The town immediately outside Mt. Rushmore (Keystone) is utterly cheesy. But the co-pilot was awed by the monument when we rounded a corner and there it was! By the time we left the Badlands and arrived at Mt. Rushmore, it was nearly 7. Nearly 7 is bad news in National Passports Stamp collector jargon because how many visitor centers are open after 7? Well, Mt. Rushmore’s is. Yay!
|“I don’t like the way Teddy Roosevelt is looking at me.”|
From there, it was off to Gillette, WY, a 2.5 hour drive, most of it on lonely state roads, with small towns interspersed. It was a long day – we didn’t pull into Gillette until after 10pm.
Day 5: Gillette, WY to Cody, WY, via Bighorn National Forest.
After the über long day the day before, the last thing I wanted was another long day. We set out again on the interstate before turning onto US-14 towards Yellowstone in Sheridan. I think we drove really close to windmills, too, although it seems weird to me now that I type this up that there would be windmills in Wyoming. Maybe I’m mixing it up with another state (we saw several trucks transporting windmill blades on Day 1, although if you ask me, I will tell you that I think the government is building something in the middle of the country).
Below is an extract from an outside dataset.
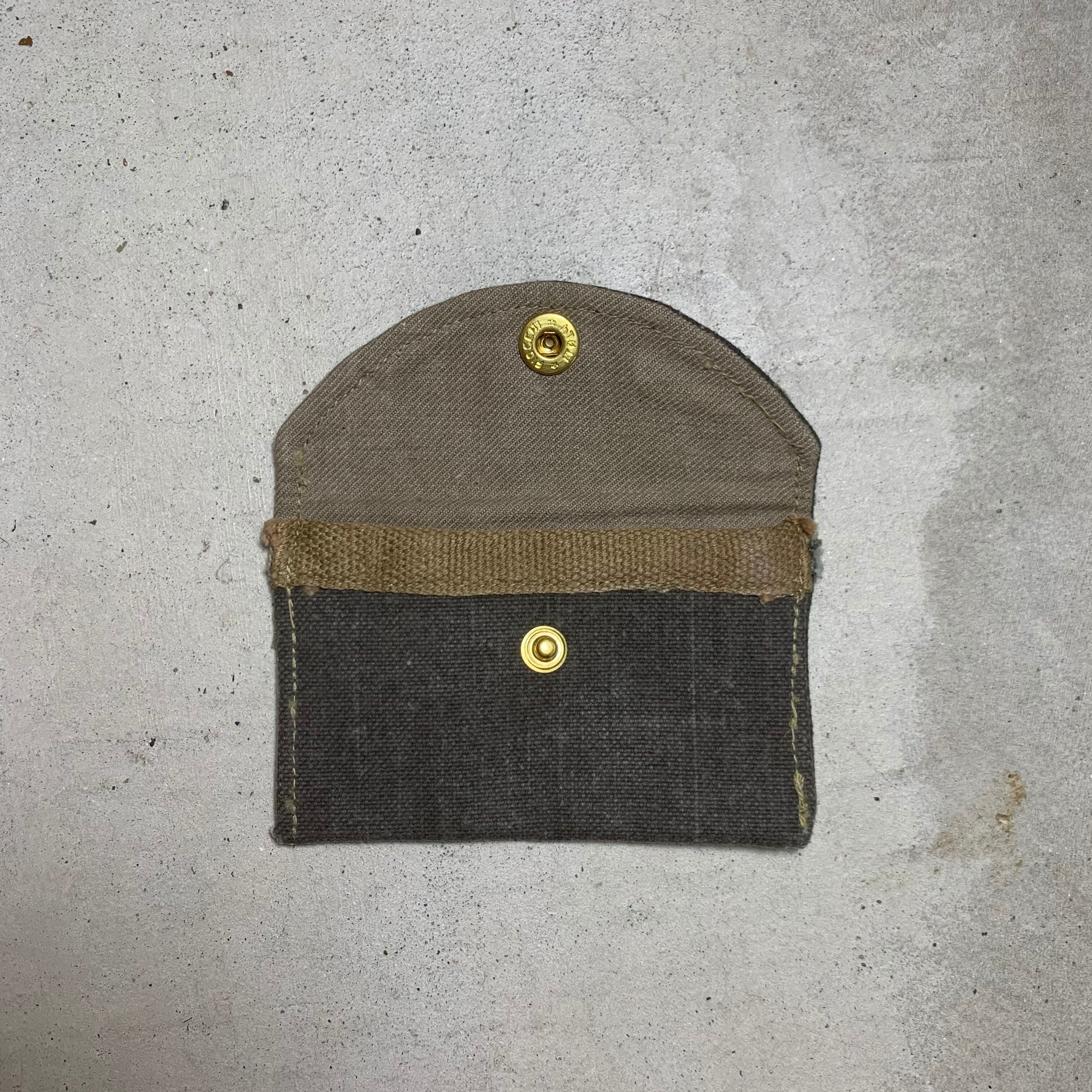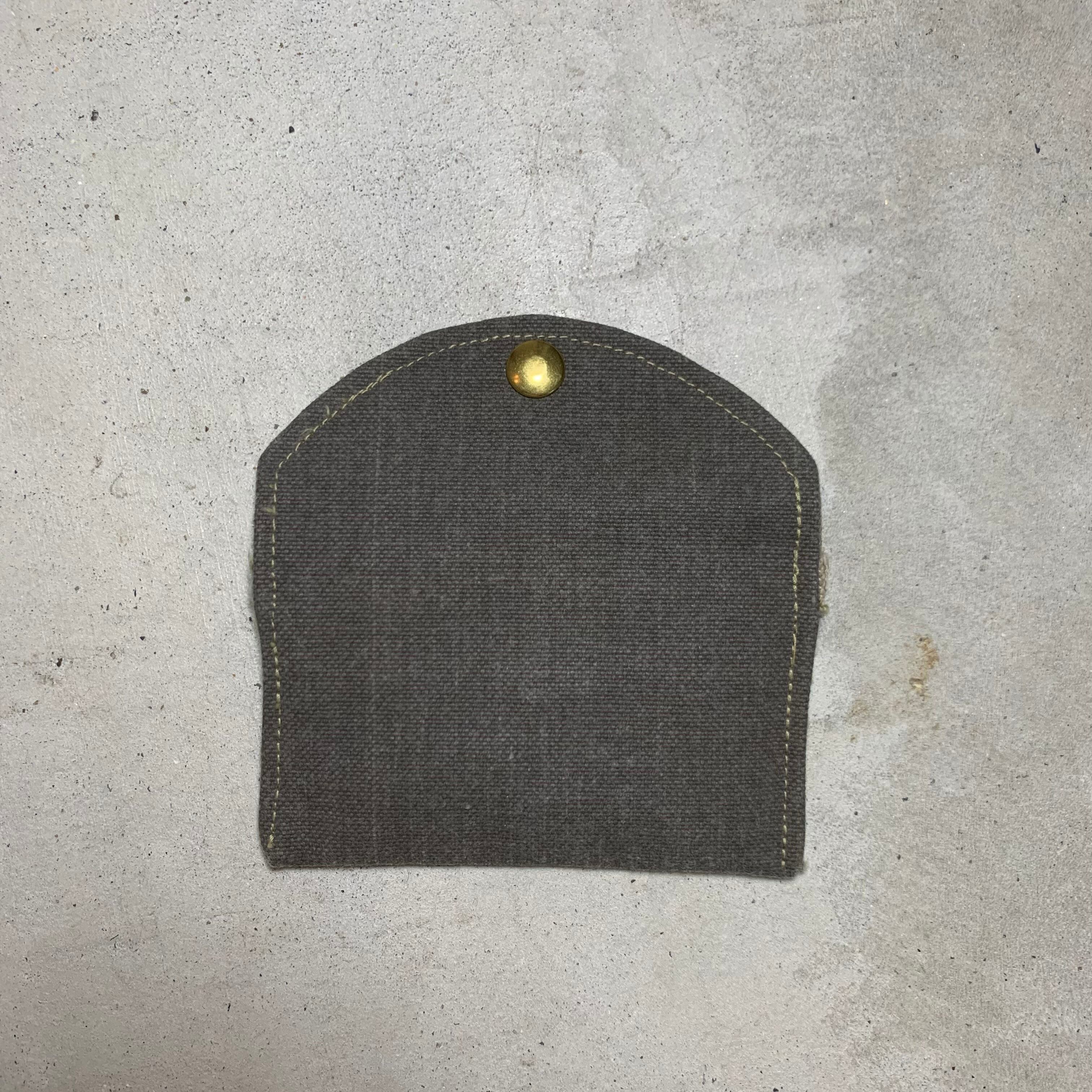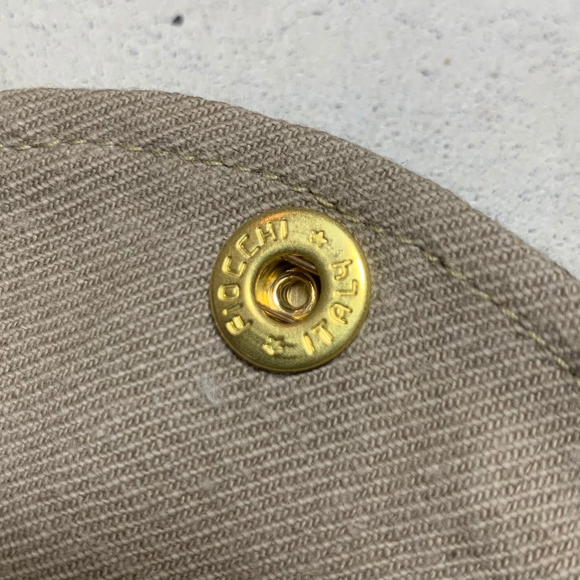 表側は60年代のスウェーデン軍のバッグで使用されていた固めのキャンバスを使用。裏地は30年代のスウェーデン軍のパンツの生地を使用。パイピングテープも同じくスウェーデン軍の物で、こちらは50年代頃に使われていた素材になります。バネホックはイタリアの『FIOCCHI(フィオッキ)』の物を使用。こちらはグッチやフェリージ、イルビソンテなどの高級ブランドが使用していた物ですが、今現在フィオッキは別会社に吸収合併され、生産されておらず、デッドストックのみの貴重な資材になります。素材は真鍮です。パチンと止めた感覚が非常に気持ちのいいバネホックです。

Also, every single sign on the interstate for Yellowstone and Grand Teton National Park said that US-16 was the most scenic and safe route. This was confusing to us because the two roads reconnect a few hours outside of Cody. US-16 may have been the safest route, but it must be something if it’s more scenic than US-14.
The treat of the day was stopping in Dayton, WY, right before the Bighorn Mountains. We had lunch (although I ordered a whopping breakfast) at the Branding Iron Restaurant. The town was also celebrating Dayton Days and we had arrived just in time for the water fight, a fundraiser for the local fire department. Now, the co-pilot and I, for some reason, thought that the water fight was a water balloon fight. Oh, were we wrong…
I guess drought isn’t an issue, huh? So, that’s a pony keg on a pulley, on a wire that’s strung up between two telephone poles. Two teams of three wield a fire hose and use the spray to get the keg to the pole farthest from them. The Dayton water fight was pretty hard core and a full spectator sport. There were brackets of competitors (although I’m not sure if teams were actually seeded), a megaphone, bleachers, party tents, and a beer cart.
From there, it was a drive up into our first set of big mountains, the Bighorns. And then a part of the road was under summer construction, unpaved, and re-routed. After having driven 40 miles on dirt roads a day earlier, this was nothing. Then, it was a stop at Shell Falls in the Bighorn National Forest. This drive is, simply, gorgeous; I’d love to head back here and camp.
|Shell Falls, Bighorn National Forest|
From Shell, WY, it’s a relatively quick jaunt into Cody, and we arrived well before nightfall and well in time for the nightly rodeo. Yee haw. We stayed at the Mayor’s Inn B&B, just blocks away from the main (Sheridan) street, grabbed a coffee at the Rawhide Coffee Co., and then headed for el rodeo. After a late night pizza, it was time to turn in.